Monday, April 1, 2013

Chicago Tribune op-ed: "Save Reagan's Chicago Home"

Time is short... only a miracle will save President Reagan's Chicago home... the same kind of miracle that saved Reagan when an assassin's bullet felled and nearly killed him 32 years ago Saturday, when wrecking and demolition equipment showed up on the site of Reagan's Chicago home... and the same kind of miracle that saved him when he survived near-fatal pneumonia at the very home that is now poised to be demolished...  

http://www.chicagotribune.com/news/opinion/ct-oped-0401-reagan-20130401,0,3481356.story
http://eedition.chicagotribune.com/Olive/ODE/ChicagoTribune/LandingPage/LandingPage.aspx?href=Q1RDLzIwMTMvMDQvMDE.&pageno=MTU.&entity=QXIwMTUwMQ..&view=ZW50aXR5
chicagotribune.com
By Mary Claire Kendall
April 1, 2013

President Reagan is publicly sworn in for his second presidential term by Supreme Court Justice Warren Burger on January 21, 1985. Since January 20 was a Sunday that year, the official swearing in of Ronald Reagan took place privately in the White House. (Mike Sargent/AFP/Getty Images/January 21, 2013)
Here's a portion of President Reagan's speech that historic day.

The city of Chicago has given the go-ahead to Heneghan Wrecking and Excavating Co. to demolish, on behalf of the University of Chicago and its medical center, President Ronald Reagan's boyhood home on the South Side at 832 E. 57th St.

He lived there the year of the Eastland disaster. Occurring July 24, 1915, it was Chicago's most lethal calamity — deadlier than the Great Chicago Fire of 1871 — killing some 844 people.

Word has it that Reagan reminisced about this steamship catastrophe on the Chicago River as a vivid early memory, recounting how he was left home when his father took his older brother "Moon" across town to see it.

While a source recently declined to "confirm or deny" this reminiscence, one thing's certain: Ronald Reagan, at age 4, lived in Chicago the day of the Eastland disaster. And it's good bet he didn't witness it since, if he had, that memory would surely have figured into his writings and speeches. Little Ronald "Dutch" Reagan must have resolved then to never again to be far from the scene of the action.

Right now, the action is at the home where Reagan once lived. It's all that's left of the entire block between Maryland and Drexel avenues on East 57th Street. The rest of the block was demolished in early January to make way for a hospital and research facility, across the street from the recently inaugurated University of Chicago Medicine's new Center for Care and Discovery.
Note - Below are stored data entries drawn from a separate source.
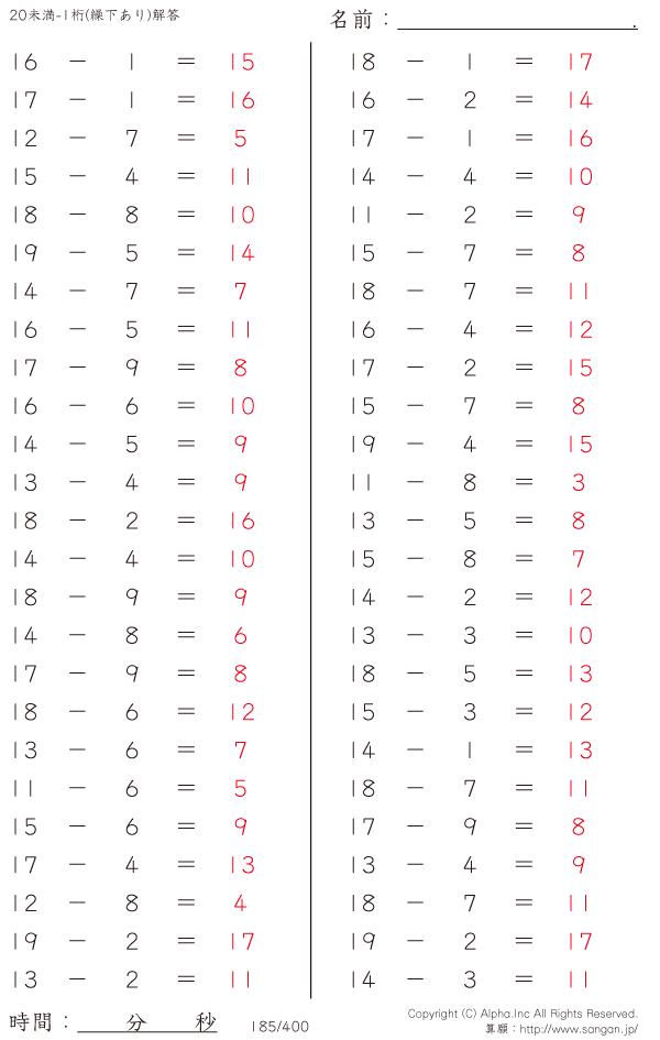 20未満の2桁-1桁 [解答]185/400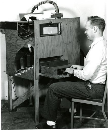 | Keywords: RabinowJacob 047.jpg In 1957 Jacob Rabinowâ ‚¬ „˘s company Rabinow Engineering designed a mechanical coding and sorting system for the U S Post Office Based on similar work Rabinow had done previously for the Census Bureau the system for the Post Office consisted of a conveyor belt cart designed to carry 12 envelopes in separate compartments Each compartment in the cart was accompanied by an escort memory The escort memory consisted of a shaft carrying a series of nylon code wheels Each of the 134 wheels could move laterally into one of two positions With this combination more than 8000 in decimal notation binary numbers could be set Twelve keyboard operators would read envelope addresses and set the positions of the code wheels The wheels were supported on a track also composed of binary elements When the encoded compartment hit the same encoded position on the track the shaft dropped triggering a door release in the compartment holding the envelope The envelope then fell into the appropriate pocket About 600 of the letter sorting machines were built and used by the Post Office In later operations optical character recognition technology replaced the keyboard operators and the mechanical escort memory was replaced by computer memory Reference Inventing for Fun and Profit Jacob Rabinow San Francisco Press San Francisco CA 1990 pp 100-138 National Institute of Standards and Technology 4/1/1958 National Institute of Standards and Technology PD-USGov-NIST PD-USGov Postal equipment |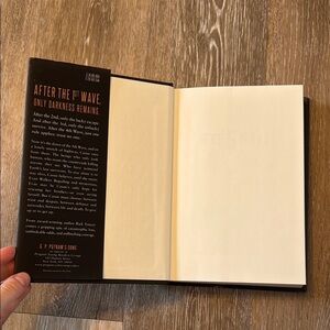 Like new! The 5th Wave hardcover book with a striking cover design. Features a silhouette in a forest with golden hues.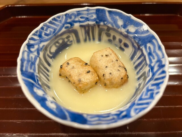 ・すっぽん饅頭、九条葱、出汁餡掛け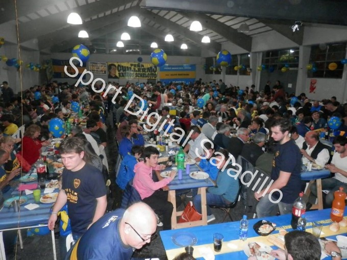 El gimnasio del club Unión Apeadero se tiñó en la noche del sábado de “azul y oro”, donde la peña boquense “Guillermo Barros Schelotto” festejo su primer aniversario en Saladillo. La cena show estuvo conducida por el periodista que cubre la campaña de Boca en TyC Sport Tato Aguilera, acompañado por Claudio Freire. Además se contó con la presencia del exBoca José Basualdo.
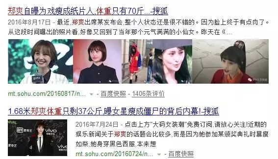 郑爽也曾因为暴瘦频频上热搜,据说还因为减肥得了厌食症,一度瘦成纸片人。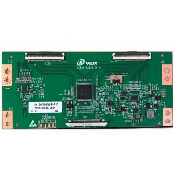 whose pixels are arranged in RGB Vertical Stripe. As for mechanical detail, it features active area of 1209.6(W)×680.4(H) mm, outline size of 1221.4(W)×694.8(H)×1.34(D) mm, with surface treament of Antiglare (Haze 1%), Hard coating (3H), net weight of 2.60Kgs (Typ.), utilizing 0.50+0.50 mm mm plate. As a ADS, Normally Black, Transmissive CELL product, DV550QUB-P10 can provides 1200:1 transimissive contrast ratio, 89/89/89/89 (Typ.)(CR≥10) (L/R/U/D) viewing angle, best view direction on Symmetry , and response time of 8 (Typ.)(G to G) ms. Gray scale or the brightness of the sub-pixel is determined with a 8-bit + Hi-FRC gray scale signal for each dot, thus presenting a palette of 1.07B colors, also with performance of color gamut 73% (NTSC). This product have no backlight. DV550QUB-P10 utilizes V-by-One 8 lane as it's signal inputting systerm, which connected by 51 pins Connector with power supply voltage of 12V (Typ.).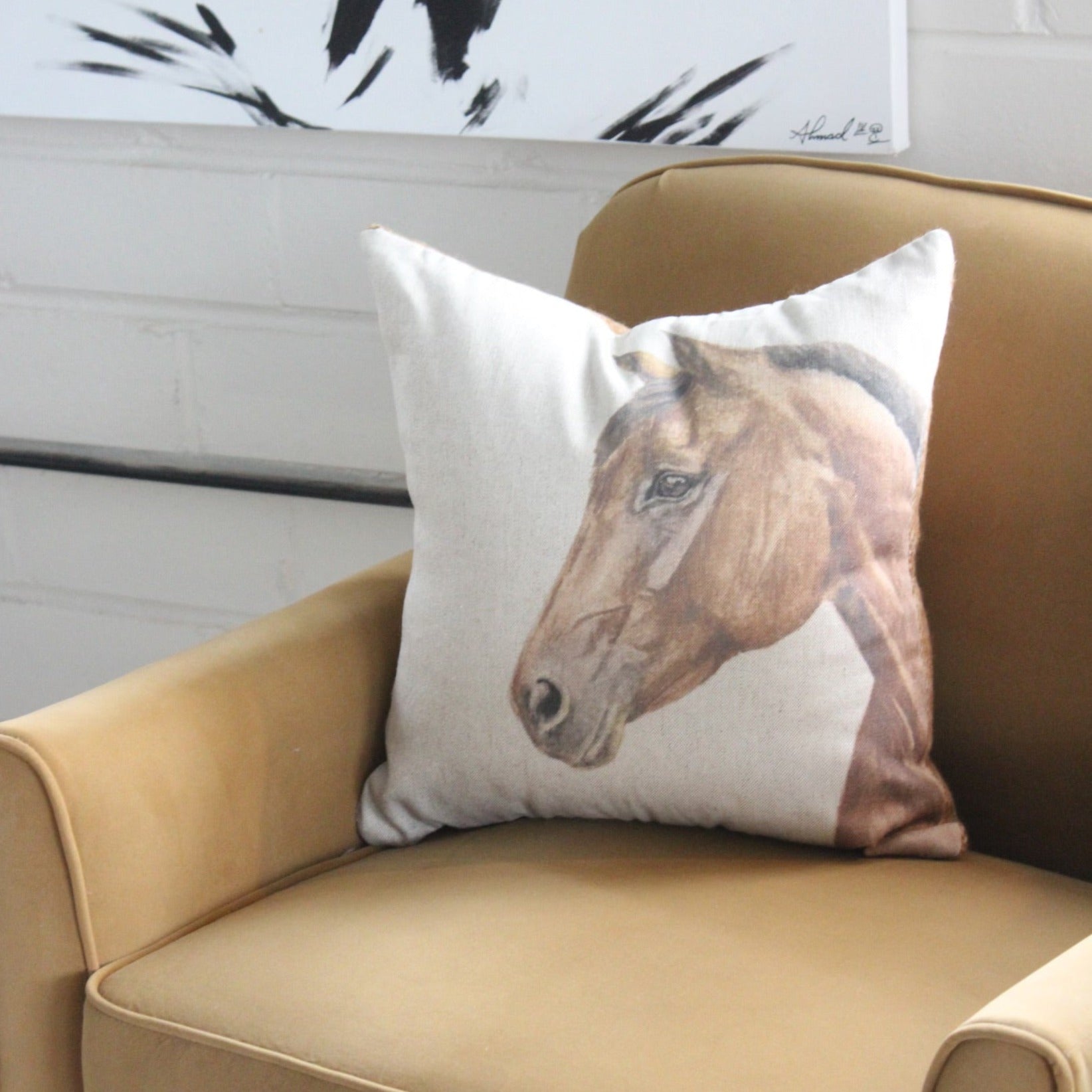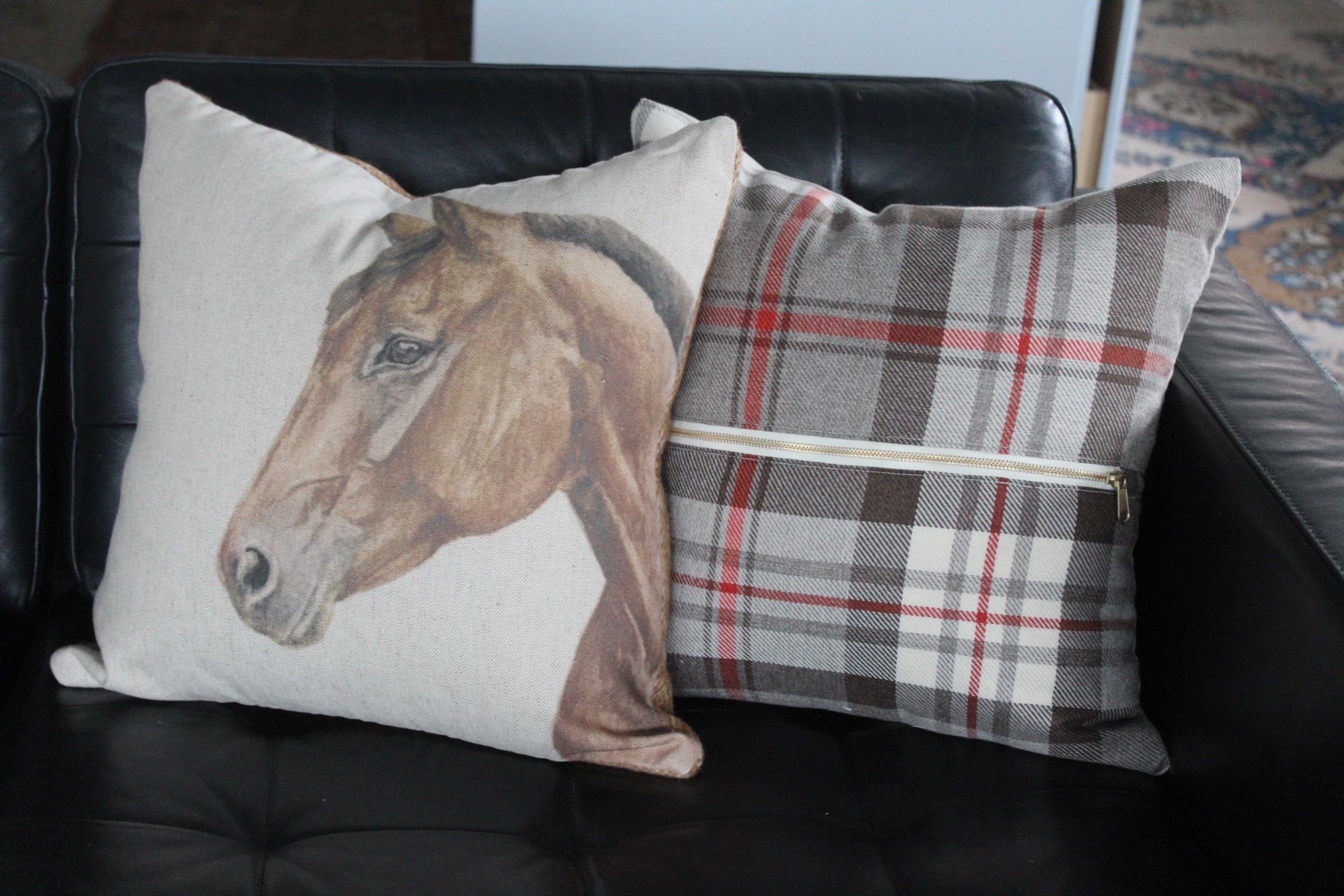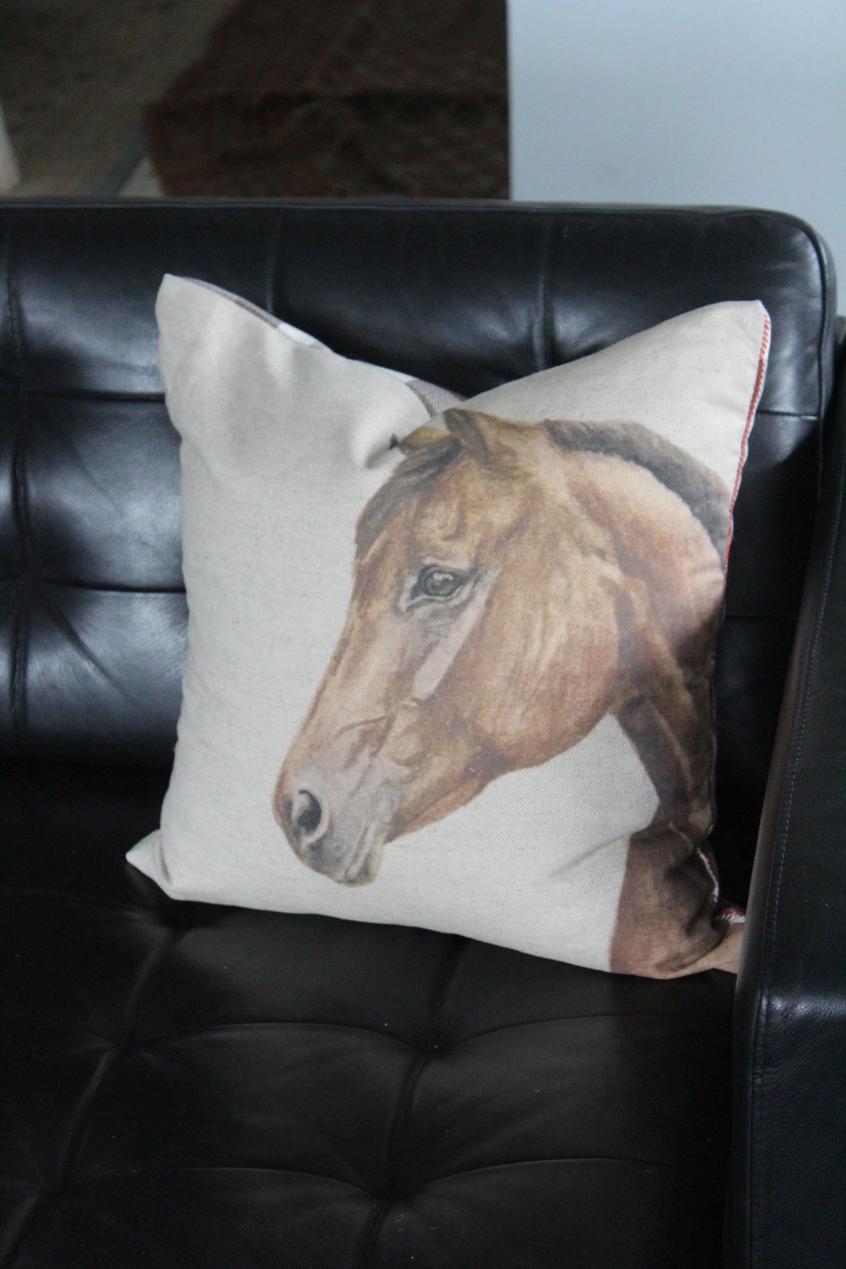 for our seasonal small batch, this silhouette is dressed in its equestrian best featuring a watercolor horse head, painted by our favorite local artist katie, on italian natural linen and an orange or plaid wool back. plush, thanks to a faux-down insert, you'll be sporting this every season!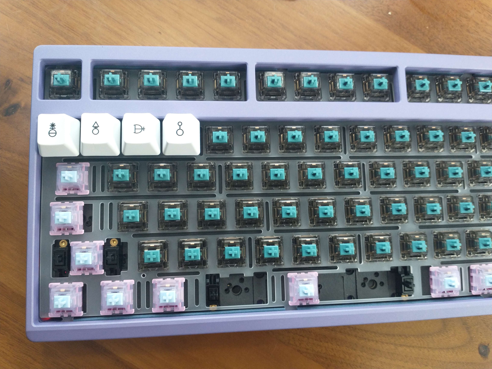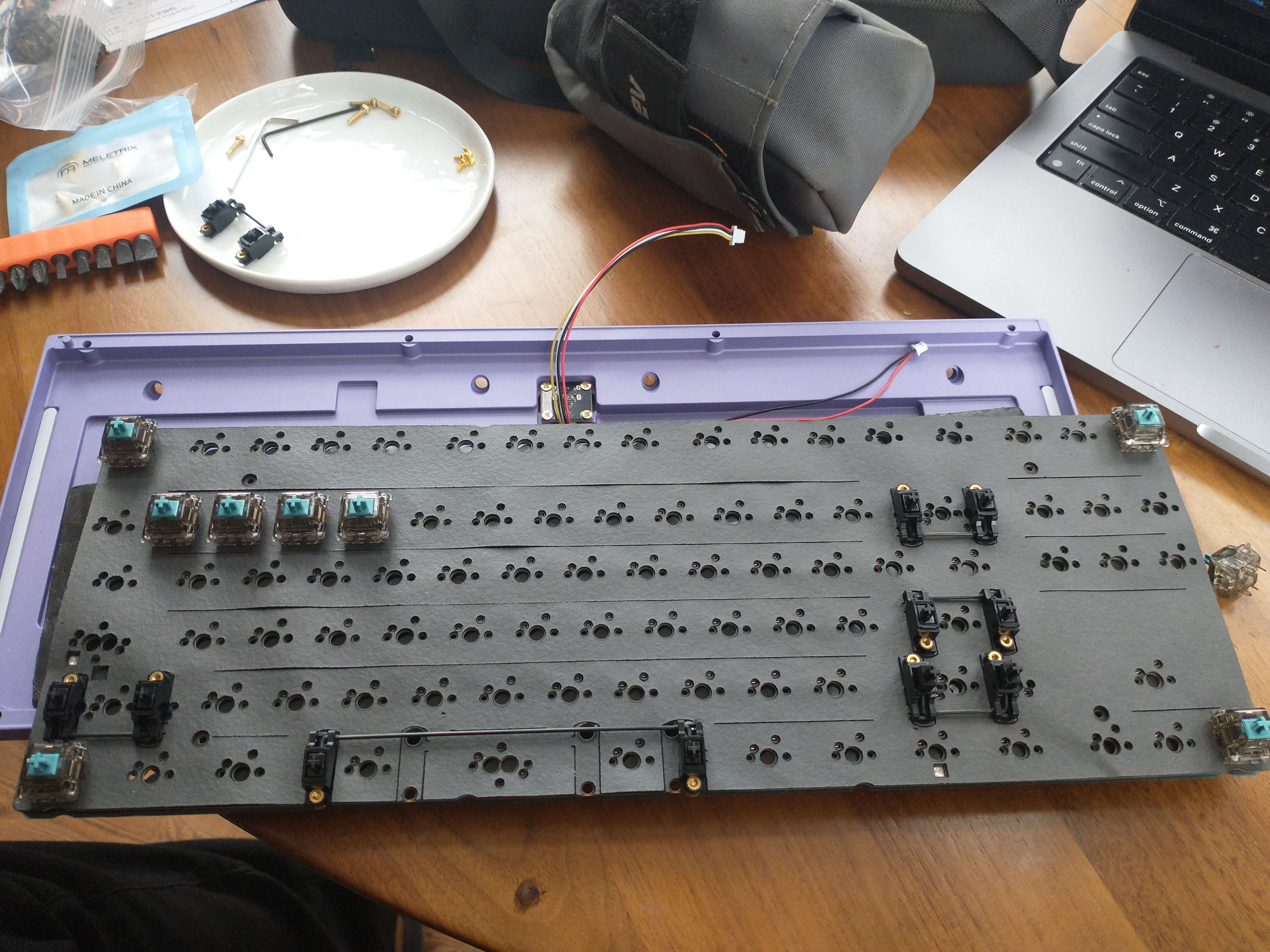 I then ordered a kit from China, which was unassembled but had all the parts except the actual keys (no switches, no caps). This particular one is called Zoom TKL in the lilac color.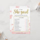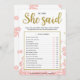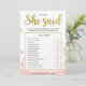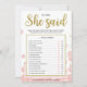 Dit moderne bloemige "Hij zei dat zij zei" bruidsfeest spel heeft een roze bloemige achtergrond met gouden glitter spetters. De tekst is geschreven in een mix van een speelse kalligrafie lettertype en een modern schreefloos lettertype, deze Hij zei dat zij zei kaart is gepersonaliseerd met de naam van de aanstaande bruid en de datum van het bruidsfeest.
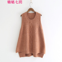 锦铭七玥文艺风休闲针织马甲春季新品女圆领色麻花菱形字上衣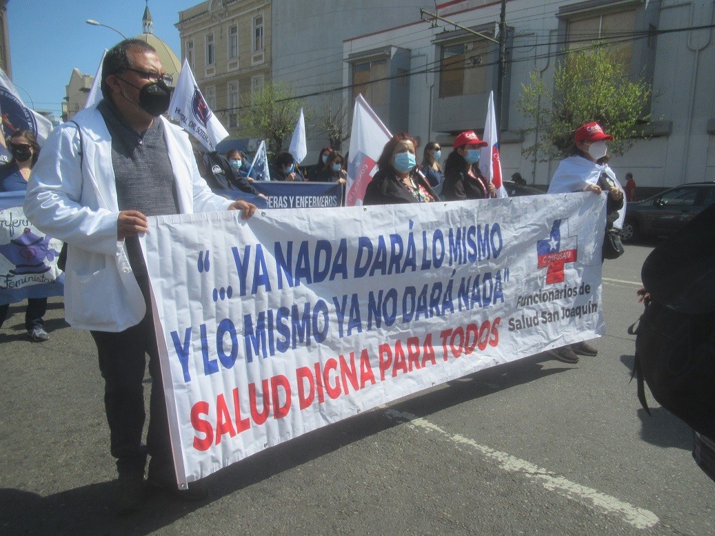 Los trabajadores y las trabajadoras de la salud se reunieron a mediodía en la plaza Victoria para marchar desde allí hasta el Congreso Nacional, por su parte los trabajadores y trabajadoras de la educación se congregaron en la plaza Aníbal Pinto y los trabajadores y trabajadoras del comercio de las grandes tiendas llegaron a protestar a las puertas del Parlamento en Valparaíso. Distintos sectores, distintas demandas, pero un mismo camino de movilización y de lucha.

In the ultimate irony of history, these facilities will feature state-of-the-art Alzheimer's research.

That the Reagan home is still standing is a bit of a miracle. We all know the "Chicago Way."

The Friends of President Reagan's Chicago Home has worked doggedly to save it, agreeing with the Commission of Chicago Landmarks in 1986 that it is "noteworthy due to historical associations," which gives it "landmark potential."

While the current crop of Chicago bureaucrats couldn't find it in their hearts to landmark the home, make no mistake, this home where Reagan lived is a landmark, which completes the Ronald Reagan Trail in Illinois, including the landmarked Ronald Reagan Boyhood Home in Dixon (1920-23).

Later, Reagan had long-distance ties to Chicago. He broadcast Cubs games for WHO-AM in Des Moines and courted and married Nancy Davis, who hailed from the Near North Side.

One of Reagan's biggest successes as president was the 1986 tax bill, a product of an after-hours friendship with Chicago's principal ambassador to Washington, House Ways and Means Chairman Dan Rostenkowski. They knew each other as fellow Chicagoans.

All of that was inconceivable when little "Dutch" looked out his window on East 57th, after surviving near-fatal pneumonia, longing to be at the center of the action.

If we demolish the physical context of his formative years, we extinguish an essential part of Reagan's story — a youngster who despite being the child of an itinerant, alcoholic, frequently unemployed shoe salesman, grew up to become the global symbol of freedom from tyranny and triumph over communism.

President Barack Obama, the second U.S. commander in chief with a home on Chicago's South Side, is likely justly proud of the improbability of his own story.

The two homes, blocks apart on different sides of the University of Chicago — one a spacious Kenwood home, the other a humble Irish working-class flat near Washington Park — work together to tell all Americans who we are now — and who any one of us might become.

It's the story of America. Reagan's boyhood home is worth preserving.

Mary Claire Kendall is president of the Friends of President Reagan's Chicago Home.